En conséquence, selon elle, la solution dépasse la seule dimension technico-administrative : « Il faudrait donc un geste politique fort au niveau européen et un soutien politique massif du gouvernement français pour renverser la tendance ».
Ce message a peut-être été entendu par Emmanuel Macron [6], qui a montré de l’intérêt pour la relance du projet de l’Union des marchés de capitaux (UMC) : selon lui, elle devrait être une « priorité pour la prochaine mandature de la Commission européenne ».

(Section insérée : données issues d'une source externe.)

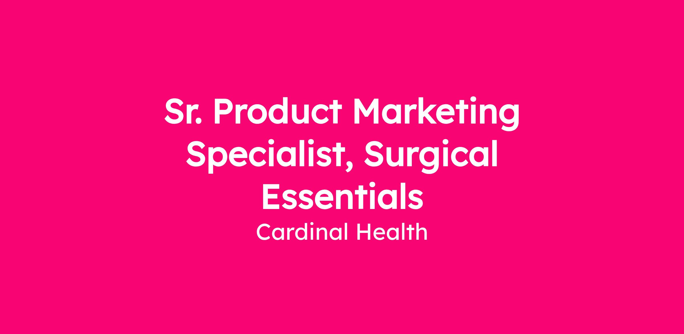 This Sr. Product Marketing Specialist role will have Commercial U.S. (Downstream) and Global Portfolio (Upstream) focus of select product lines under the Cardinal Health Brand Surgical Essentials category.

Peu visible dans la campagne des élections européennes de juin 2024, le thème du financement des entreprises est pourtant essentiel à la bonne marche de l’économie française. Et le constat est le même chez nos voisins, à commencer par l’Allemagne qui reste la locomotive de l’Union européenne. Selon l’économiste allemande Veronika Grimm [7], « les politiques se concentrent trop sur les grands acteurs et n’améliorent pas de manière significative les conditions générales des nombreuses petites et moyennes entreprises. [...] Nous soumettons les entreprises de taille moyenne à des défis considérables. Et plus une entreprise est petite, plus elle a de la difficulté à suivre toutes les directives et à supporter ce fardeau ».
À Berlin comme à Paris, le constat semble donc le même. À l’heure où les politiques de tous bords parlent de « réindustrialisation », de « souveraineté industrielle » ou de « plans de relance », il faudrait surtout redonner aux créateurs d’emplois et de valeur ajoutée les moyens de leurs ambitions.